[Source data]
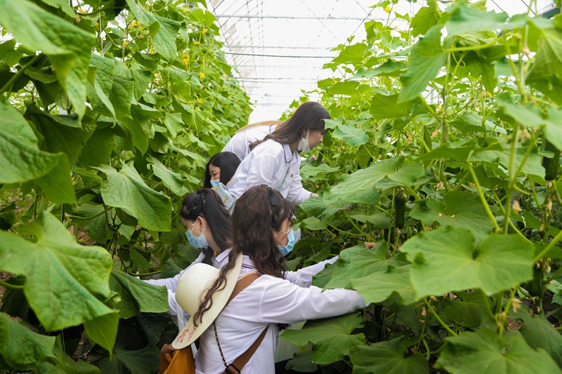 青年员工进行蔬果采摘
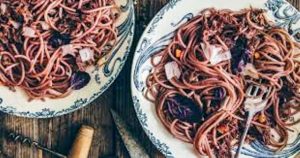 Si vous en avez assez de la traditionnelle sauce bolognaise, testez donc cette recette de spaghettis au vin rouge ! Les pâtes y sont préparées avec du ketchup et du piment d’Espelette, pour un maximum de saveurs en bouche.
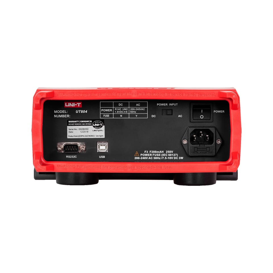 Akcesoria: Przewody pomiarowe, sonda pomiaru temperatury, krokodylki, krótkie przewody pomiarowe z krokodylkami, gniazdo do pomiaru kondensatorów, przewód USB, przewód RS232C, przewód sieciowy
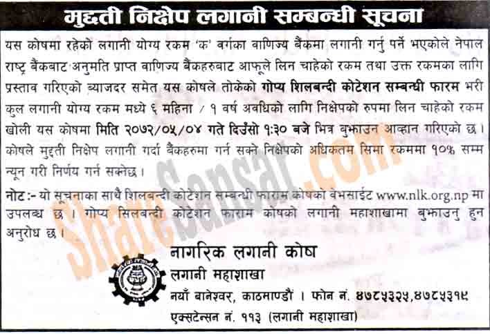 Citizen Investment Trust has published a notice seeking quotation of Fixed Deposit interest.
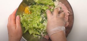 - Ավելացնել աղը և սև պղպեղը, սխտորը, սպիտակաձավարը, մանրացված կանաչին, ձուն, քամած քերած դդմիկը, և լավ ձեռքով խառնել: թողնել սառնարանում 30 րոպե:
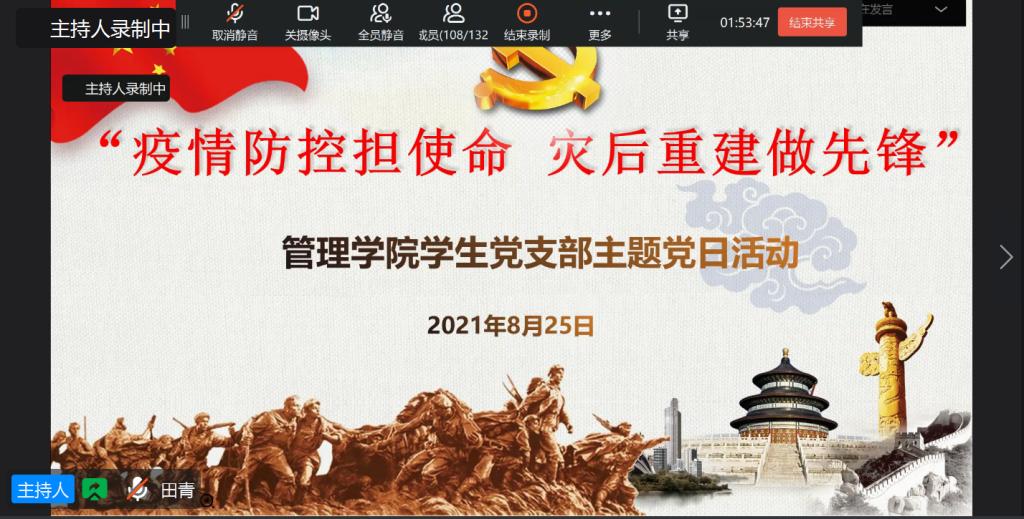 8月25日下午,球王会员工党支部开展线上“疫情防控担使命 灾后重建做先锋”主题党日活动,球王会员工支部100多名教工和员工党员参加了本次主题党日活动,主题党日活动由员工支部组织委员田青主持。

▶ **Exercise**
If the records contain pictures, skip them, and transcribe exactly every line from the one with "- Ավելացնել աղը" through the last line.

▶ **Response area**
 - Ավելացնել աղը և սև պղպեղը, սխտորը, սպիտակաձավարը, մանրացված կանաչին, ձուն, քամած քերած դդմիկը, և լավ ձեռքով խառնել: թողնել սառնարանում 30 րոպե:
 8月25日下午,球王会员工党支部开展线上“疫情防控担使命 灾后重建做先锋”主题党日活动,球王会员工支部100多名教工和员工党员参加了本次主题党日活动,主题党日活动由员工支部组织委员田青主持。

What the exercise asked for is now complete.